By Wang Qilong As one of the Fastest OLAP column databases in the world, ClickHouse can process tens of billions of rows data in milliseconds, and the company introduced itself in official website wi
By Wang Qilong
As one of the Fastest OLAP column databases in the world, ClickHouse can process tens of billions of rows data in milliseconds, and the company introduced itself in official website with a word: fast. Alexey Milovidov, the soul of ClickHouse, is a person who puts slowness into his work. Facing the increasing demand in the database field, Alexey did not directly refer to the external products that meet the demand, but built a universal database system from scratch, which finally made ClickHouse's fast way today. New Programmer magazine specially invited Zou Xin, vice president of CSDN, to interview Alexey Milovidov and share his secret of slow down.
Alexey Milovidov, chief technology officer (CTO) of ClickHouse, worked in Yandex, a Russian search engine company for 13 years, and made great contributions to the development and promotion of ClickHouse. He is one of the core figures of ClickHouse, and also a technical speaker who has shared experiences and opinions at several technical conferences.

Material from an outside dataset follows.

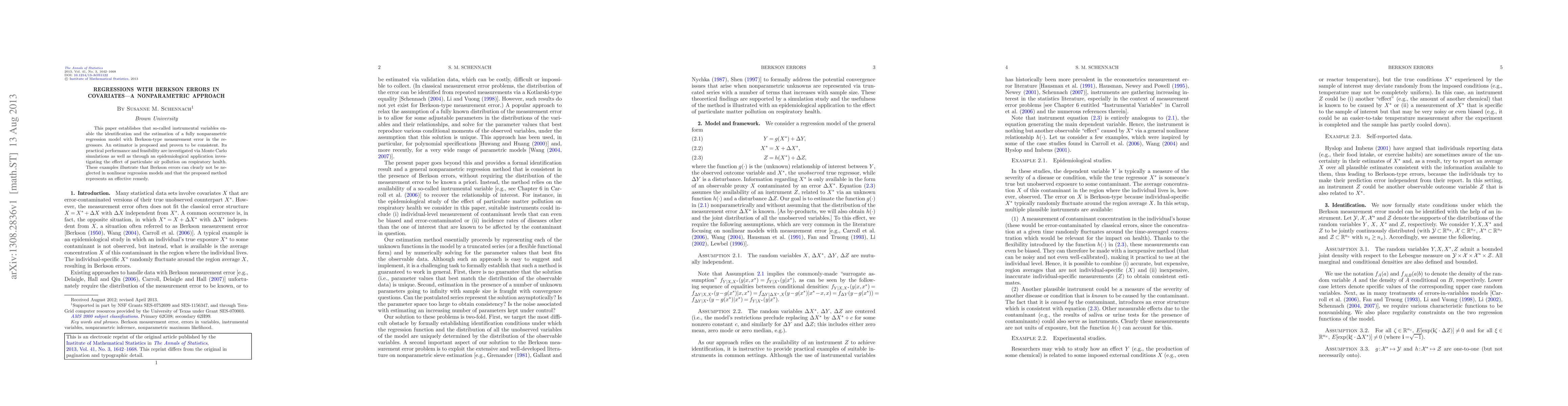 This paper proposes a nonparametric regression method using instrumental variables to identify and estimate models with Berkson measurement errors in covariates, demonstrating its consistency and practical effectiveness through simulations and an epidemiological study on air pollution's impact on respiratory health.

Zou Xin, pre-vice president of CSDN.
Fifteen years ago Yandex, also called the "Russian Google", officially launched its web analytics platform Yandex.Metrica, which originated from another Yandex product, Direct, as a tool to help advertisers count ad traffic. Installing Metrica on Yandex's search engine provided insights into the depth of users' visits, conversion rates, and the cost of attracting customers. in 2008, Metrica break away from Direct to become a standalone service that analyzes all website visitors, just as Google Analytics, Facebook Pixel, and Baidu Stats do, allowing people to analyze all of their traffic. It analyzes all website visitors and makes it easy to understand what's happening on the site.
By 2009, traditional relational data libraries dominated the market, Oracle acquired Sun, NoSQL began to emerge, SSDs went to the vendor table, Hadoop continued to gain popularity, and the term "Big Data" finally entered the Internet lexicon. Metrica has grown to become the world's second largest web analytics system when ranked by the number of websites or traffic.

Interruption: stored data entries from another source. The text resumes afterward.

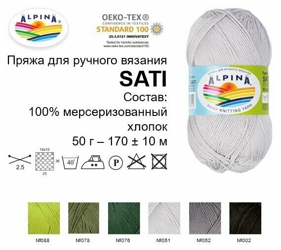 Пряжа ALPINA "SATI" №051 св.серый 1 шт. х 50 г 170 м 100% мерсеризованный хлопок альпина сати
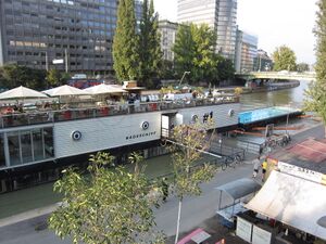 Seit Juli 2006 befindet sich am Donaukanal zwischen der Schwedenbrücke und der Urania das Badeschiff.
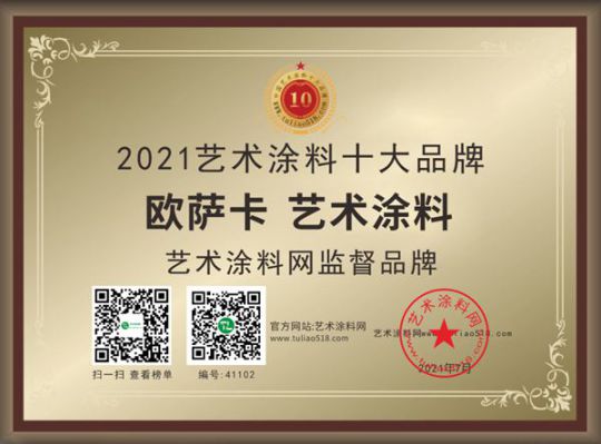 實(shí)力就是底氣,榮譽(yù)就是動(dòng)力!OSAKA歐薩卡藝術(shù)涂料定將不斷開拓創(chuàng)新,砥礪前行,為消費(fèi)者打造更舒適、更時(shí)尚的家居空間,為涂料行業(yè)的健康發(fā)展,貢獻(xiàn)助力!

Also in this year,the number of Internet users in Russia and around the world increased dramatically and Metrica began to face the challenge of analyzing data. Yandex seemed to smell something of a trend and took the opportunity to launch a database called OLAPServer. However, collecting as much flow as possible from the Internet was not so easy as Yandex thought, and countless questions arose, such as what is the volume of data? What to do with the data and how to store it? How to structure it to allow users to view flexible and customizable reports? Can you use MySQL, Postgres or Oracle to transfer this data? There is so much about that, and OLAP Server can't do. So Yandex entrusted Alexey Milovidov with this task, an engineer in the Metrica team who has been with Yandex for a year at that time.

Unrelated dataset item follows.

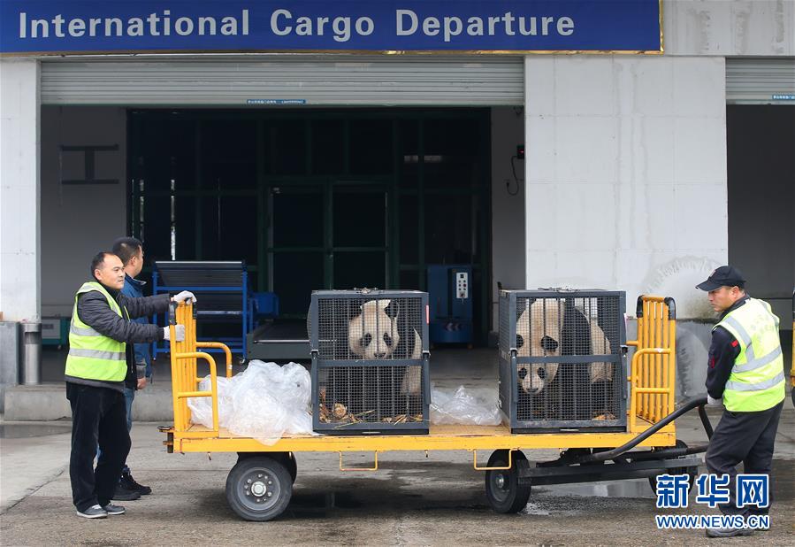 12月20日,大熊猫“华龙”和“回回”抵达黄山屯溪国际机场。 新华社发(施亚磊 摄)

Alexey is the leader of Metrica's development team of five people, and he joined Yandex right after graduating from Russia's oldest university, Moscow State University, in 2008. Shortly after, Alexey joined the Metrica team as an engineer at the world's second largest web analytics platform. Young and enthusiastic, Alexey was busy providing solutions to every task given by the company day by day, but he was never in the habit of thinking about his future plans.
However, the team was soon confronted internally with a big question that would affect the fate of the future project: Should we develop our own, or buy an off-the-shelf database product?
In 2009, there weren't as many products to choose as today, and the Metrica team needed to find a solution that could simply store non-aggregated events with multiple attributes and generate different reports on-the-fly without pre-aggregation.
Alexey weighed the pros and cons, then settled on the fact that the solutions available at the time simply couldn't meet the massive requirements of the world's second largest web analytics platform. Products with a long history of development invariably leave a rich intellectual legacy. "This legacy is not only about the source code. It's about organizational structure. It's also about somethings even like pricing and finances. Sometimes big companies just cannot improve."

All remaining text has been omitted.